Editor's note: with the onset of October, this site will be indulging in a large number of Halloween-related posts. Earlier today, I had posted a movie review of a short educational film designed to teach high schoolers about the dangers of heroin, but I decided to go with something less macabre to kick off my favorite month of the Gregorian calendar.
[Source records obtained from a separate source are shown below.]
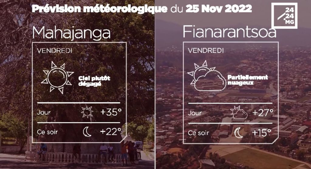 Les prévisions météorologiques des grandes villes de Madagascar pour la journée du 25 novembre.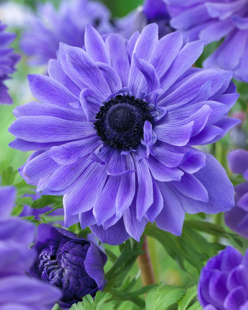A small tuberous perennial with mid-green leaves cut deeply into fine lobes and double purple-blue flowers which have a black centre during spring, after which they will die back until late autumn.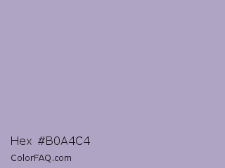 Hex #b0a4c4 Color is a light violet color and the nearest color is Logan #aaa9cd. Hex code #b0a4c4 and RGB value is rgb(176,164,196). In RGB color space, this color is composed of 69% red, 64% green, 77% blue, In CMYK color space, this color is composed of 10% cyan, 16% magenta, 0% yellow , 23% black , In HSL color space, this color has a hue angle of 263° , 21% saturation and 71% lightness.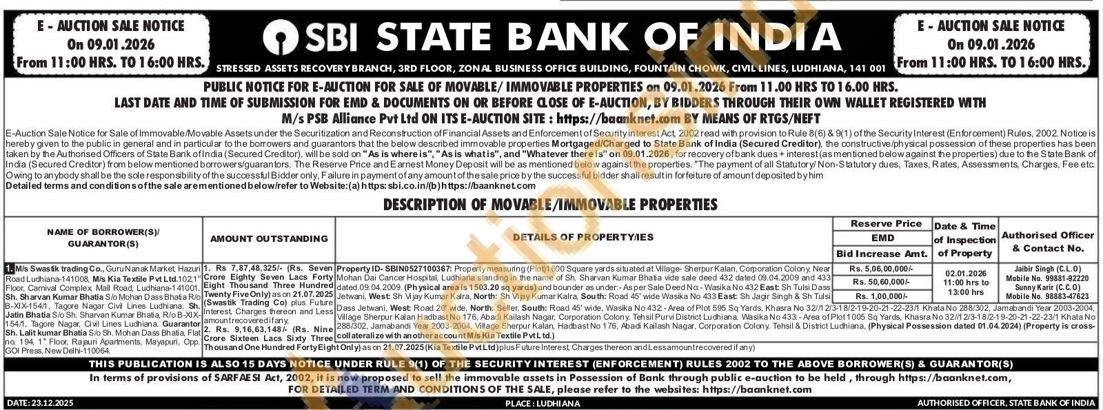 Property ID-SBIN0527100367: Property measuring (Plot)1600 Square yards situated at Village- Sherpur Kalan, Corporation Colony, Near Mohan Dai Cancer Hospital, Ludhiana standing in the name of Sh. Sharvan Kumar Bhatia vide sale deed 432 dated 09.04.2009 and 433 dated 09.04.2009. (Physical area is 1503.20 sq yards) and bounder as under:-As per Sale Deed No-Wasika No 432 East Sh Tulsi Dass Jetwani West: Sh Vijay Kumar Kalra, North: Sh Vijay Kumar Kalra, South: Road 45' wide Wasika No 433 East Sh Jagir Singh & Sh Tulsi Dass Jetwani, West Road 20 wide, North: Seller, South: Road 45' wide, Wasika No 432-Area of Plot 595 Sq Yards, Khasra No 32//1 2/3-18/2-19-20-21-22-23/1 Khata No 288/302, Jamabandi Year 2003-2004, Village Sherpur Kalan Hadbast No 176, Abadi Kailash Nagar, Corporation Colony. Tehsil Purvi District Ludhiana. Wasika No 433-Area of Plot1005 Sq Yards, Khasra No 32/1 2/3-18/2-19-20-21-22-23/1 Khata No me 288/302, Jamabandi Year 2003-2004, Village Sherpur Kalan, Hadbast No 176, Abadi Kailash Nagar, Corporation Colony. Tehsil & District Ludhiana, (Physical Possession dated 01.04.2024) (Property is cross-collateralize with an other account M/s Kia Textile Pvt Ltd.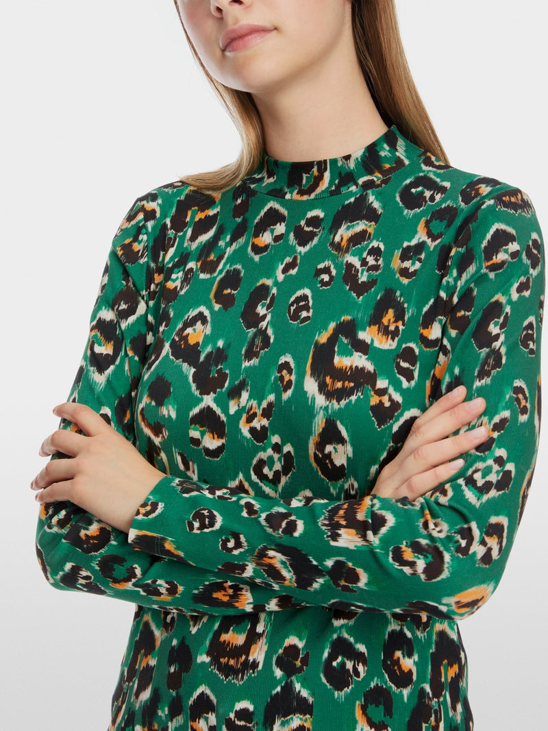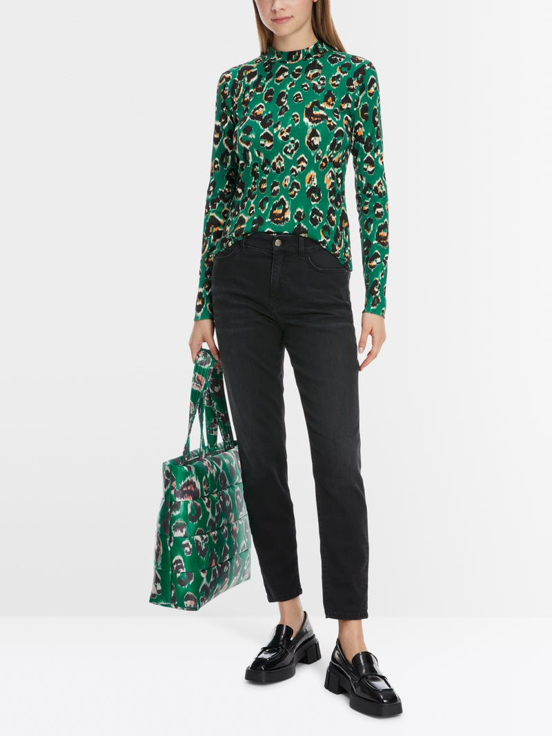 Marc Cain Green Long Sleeve T Shirt with Leopard Design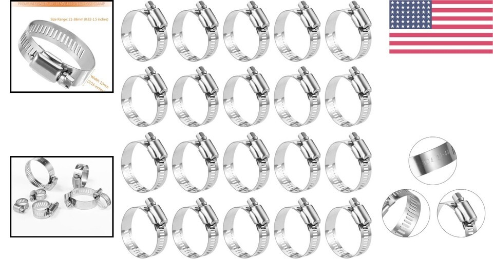 - 20-Pack Adjustable Stainless Steel Hose Clamps 7/8'' - 1-1/2'' - Premium Quality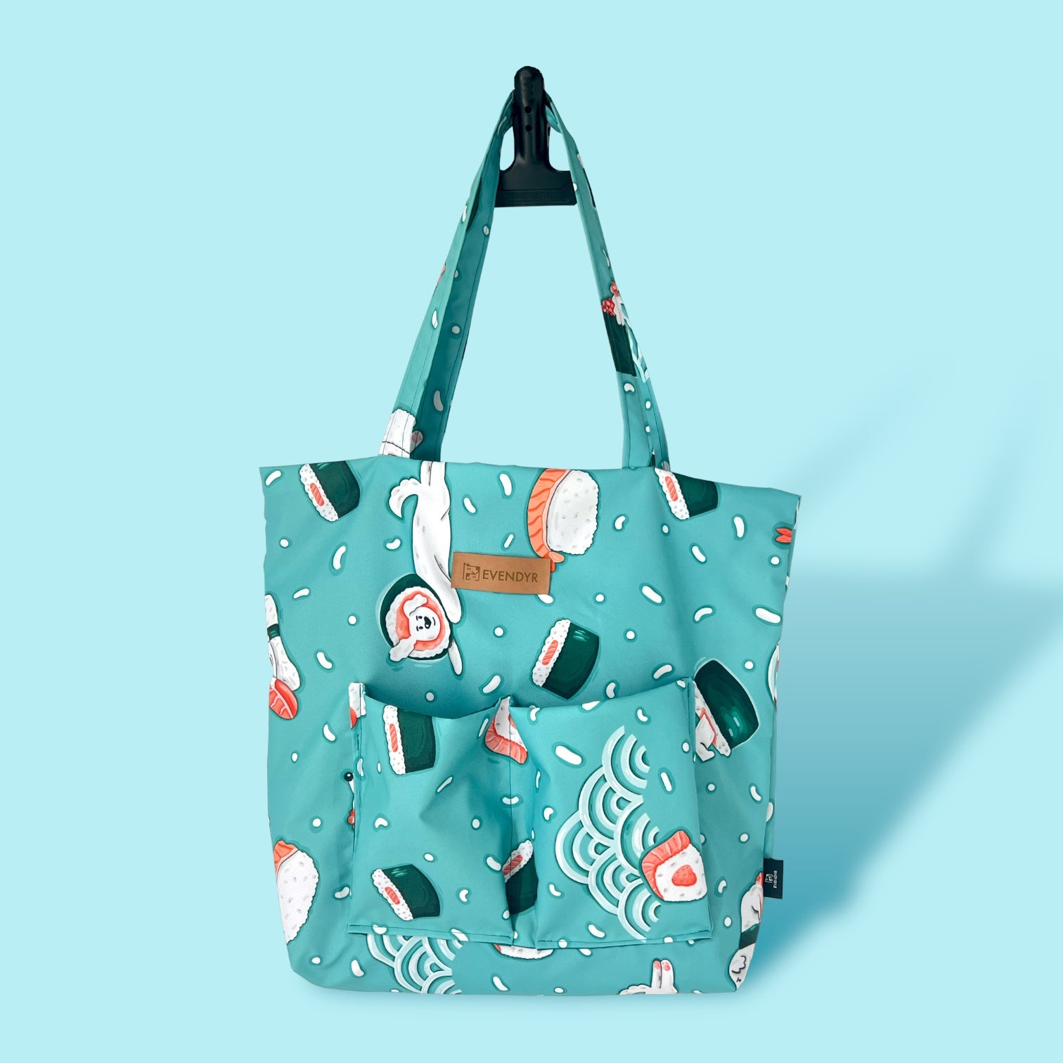 Har du glemt noen gang handleposene hjemme når du skal handle? Kjøper du mer og mer på matbutikken og posene sprekker halvveis hjem? Evendyr shoppingvesker vil gjøre livet ditt enklere! Laget av vanntett materiale både utvendig og innvendig, noe som gjør vesken motstandsdyktig mot alle værforhold. (selv i Bergen :)). Vesken er perfekt for en tur, i byen eller på en lengre tur.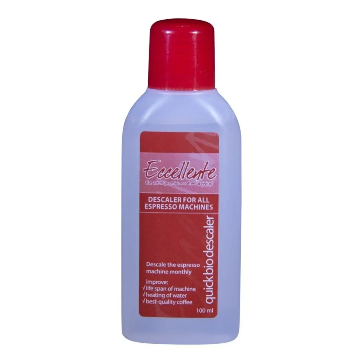 Eccellente Quick Bio Descaler is a strong descaling product, the liquid contains less water than other descalers. Therefor you need only 100 ml Eccellente Quick Bio Desclaler and a larger amount of water than usual descalers. The bottle looks small but is more powerful than other descaling products for coffee machines.

This summer, a friend of mine was supposed to attend what she called a "witch camp" somewhere in the Pacific Northwest. Unfortunately, she didn't wind up being able to go. Regardless, the idea of a "witch camp," whatever that is, stuck in my head. If there's a witch camp, than surely there's a fashion camp out there somewhere. I started to wonder what it would be like if a candidate from each camp did an exchange (A witch goes to fashion camp, and vice versa). So far, I have only written an article about the first scenario. However, I would certainly welcome a submission about a beauty queen going to witch camp. I think this drawing works either way.
Witch Goes to Beauty Camp
The first thing the witch did when she got to fashion camp was stick the handle of her broomstick in the beauty fan. When the photographer rushed over to ask what in Hades she thought she was doing, she told him she thought her bangs would look better flat against her forehead.
The photographer, who was already irritated at having to spend valuable time photographing a witch, was about to launch into a tirade when he noticed something peculiar about her. "Oh, my...your black dress is offset perfectly by your green skin," he said, brushing a strand of blue/black hair back from her blemished forehead.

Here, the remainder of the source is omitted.